Catherine Lorent

Catherine Lorent

Luxembourg Pavilion at the Venice Biennale

Catherine Lorent, Relegatio + Absolutio (detail), 2013. Ink, watercolour, charcoal, pastel, fluorescent pigments on paper, 2 electric guitars Gibson ®, neon lights, 786 x 355 cm. Photo © Rémi Villaggi.

May 22, 2013

Catherine Lorent
1 June–24 November 2013

Press breakfasts: 29–31 May, 9–10:30am
Professional preview: 29–31 May, 10am–8pm
Opening: 30 May, 5:30–8pm

Luxembourg Pavilion
Ca’ del Duca
Corte del Duca Sforza
San Marco 3052, Venezia

Catherine Lorent works with an expanded Baroque concept of art that exposes the contradictions of the modern Western way of life and questions dialectical thought. Her very practice undermines well-established categories, combining painting, drawing and sculpture with performance, music and theatrical stagings into visually and acoustically charged installations. Her musical project Gran Horno, in which she acts simultaneously as a visual artist and a multi-instrumentalist, epitomizes this multidisciplinary approach, which at first sight appears to pander to the current trend towards “event exhibitions.” But Lorent’s work anything but superficial, transposing complex Baroque strategies for a sensual Gesamtkunstwerk into the modern age. Inspired or seduced by her mystical, hermetical work, spectators are often encouraged by its participatory components to give free rein to their own creativity and respond to the artist’s idea with a subjective reinterpretation.

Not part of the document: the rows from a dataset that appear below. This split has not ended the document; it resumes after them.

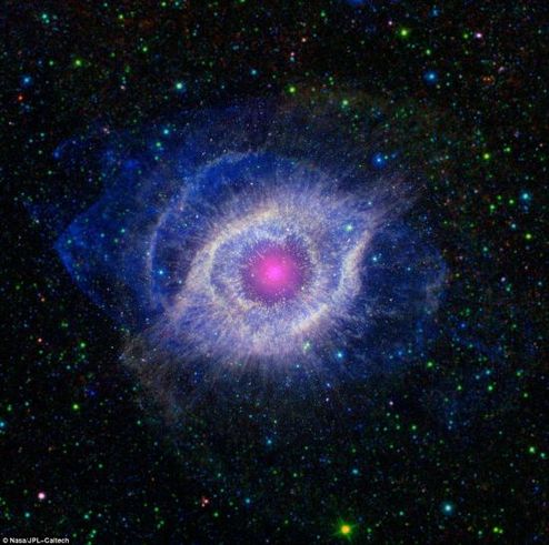 这张合成图是由美国宇航局的斯皮策太空望远镜和星系演化探测器(GALEX)拍摄的,该局把这些仪器借给帕萨迪纳的加州理工学院。这个名叫菲力可斯星云的天体位于距离地球650光年的宝瓶座里。它的编号是NGC 7293,是行星状星云的一个典型例子。18世纪发现的这些宇宙艺术品因为类似庞大的气体行星,所以一直被错误命名。行星状星云实际上是曾经看起来很像我们的太阳的恒星的残余物。这些恒星一生中的大部分时间都在通过核内失控的核聚变反应,努力把氢转变成氦。事实上,我们的太阳正是通过这种核聚变过程为我们提供光和热。我们的太阳在未来大约50亿年内走向死亡时,也会变成一个行星状星云。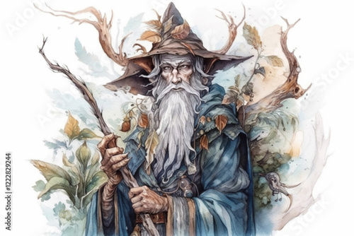 © Evdoha, Fototapeta premium Spirit of the forest. Wood goblin. Skogen. Scandinavian mythology, illustration., watercolor style, Generative AI
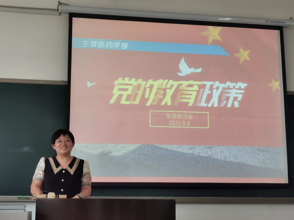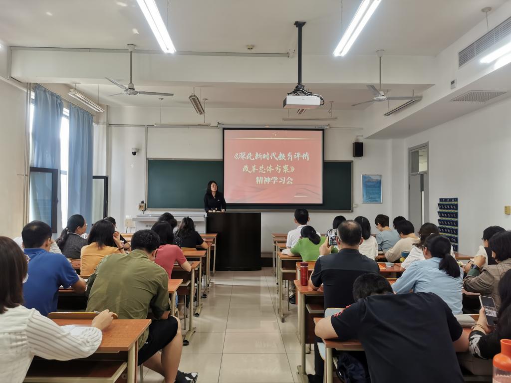 2021年9月8日,生物医药学部在航天城校区综合楼309召开全体教师会,就党的教育方针和中共中央国务院办公厅印发的《深化新时代教育评价改革总体方案》相关内容进行专题学习。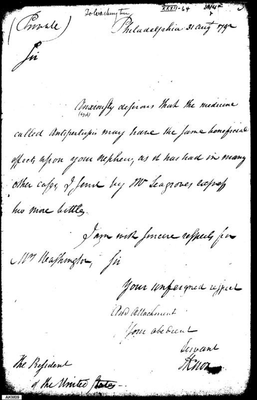 - Document: Knox Recommends Medicine for Washington's Nephew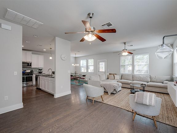 Modern 4 bed, 2.5 bath home in the heart of South Austin, minutes from the Menchaca Rd entertainment district where you'll find hotspots like Armadillo Den, Lustre Pearl South, and South Austin Beer Garden. Stepping through the front door, soaring ceilings greet you in the foyer. With wood floors, modern fixtures, and an abundance of natural light the main living area offers a warm and inviting ambiance while the open floor plan is perfect for entertaining. The spacious kitchen is equipped with a large center island, granite countertops, and stainless steel appliances. Extending the living space outside, the backyard features a covered patio perfect for al fresco dining or relaxing on a cool evening. Upstairs, a second living space makes a great game or media room or a private space for your morning Pelaton ride. The primary suite is a private retreat featuring an ensuite bath with a double vanity and walk-in shower while the three additional bedrooms are generously sized and share a bathroom with ample counter and cabinet space. Lawn maintenance is covered by the HOA for an easy lock & leave lifestyle.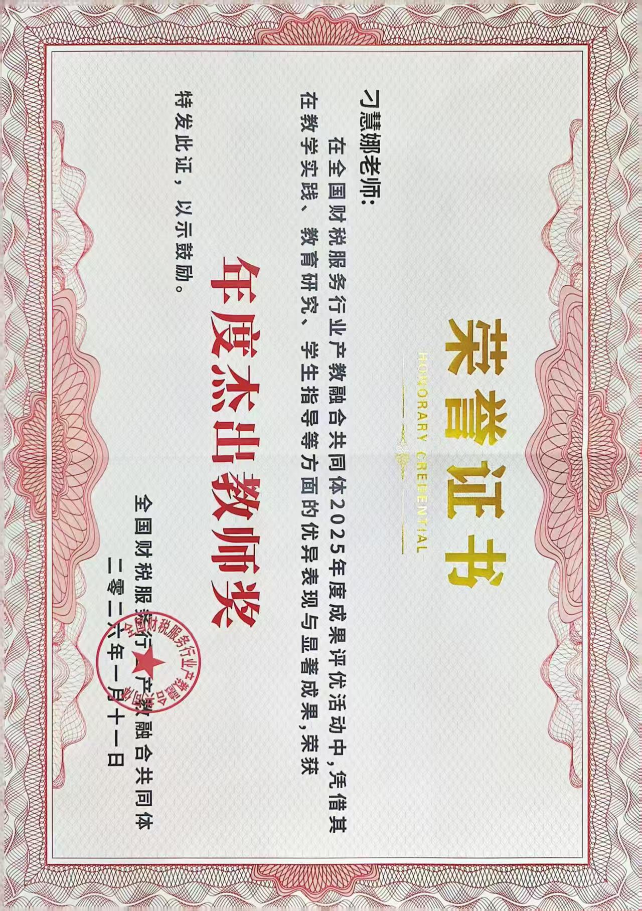 在会议表彰环节,刁慧娜老师凭借在财税教学一线的深耕细作、在产教融合实践中的积极探索以及显著的教学成效,荣获“全国财税服务行业产教融合共同体年度杰出教师”称号。这一荣誉不仅是对刁慧娜老师个人教学能力与职业素养的认可,更是学院重视师资队伍建设、鼓励教师投身教育教学创新的生动体现。

The title of the sound installation shown at the Luxembourg Pavilion—Relegation—refers to the longstanding rejection, or “banishment,” of Baroque in the history of art, nowhere more so than in Venice, where late Baroque architecture was stifled in its development by “anti-Baroque polemics.” Contrary to similar Baroque-averse tendencies in the current Berlin art canon, Lorent’s work posits the formal vocabulary of Baroque, which is often dismissed as absurd, wasteful and pathetic, as a central reference point. Citing pamphlets from the seventeenth and eighteenth centuries, Lorent, who holds a PhD in art history, appropriates Baroque iconography relating to concepts of the sublime, power and domination, while highlighting the absurdities and contradictions which Baroque artists themselves had been very much aware of. For binary models fall short of explaining the complexities of the world: good and bad or ratio and religio may be antagonistic concepts, but in reality they are closely intertwined.

In the Luxembourg Pavilion art and music merge with the palazzo architecture as though in an alchemist’s crucible as Lorent skillfully combines antithetical elements such as abstraction and figuration, highbrow and lowbrow culture, free improvisation and rigid concept. The exhibition opens with “Séismes,” a series of unframed drawings of electric guitars and other motifs during an imaginary earthquake lining the aisle like ephemeral manifestations. The long corridor gains claustrophobic momentum when sounds, triggered by sensors, suddenly spill from amplifiers facing the drawings. Walking through the pavilion, spectators unwittingly set off a series of electric guitars via an electro-magnetic control system; each of the guitars, which are hanging from the ceiling, generates a sustained sound thanks to a so-called EBow. Besides these thirteen Gibson Explorer guitars—symbols of rock and pop culture—the rooms along the Canal Grande accommodate three concert pianos—the epitome of classical highbrow culture—which have equally been prepared with EBows to play minor chords that combine with the siren-like guitar sounds to create a haunting atmosphere.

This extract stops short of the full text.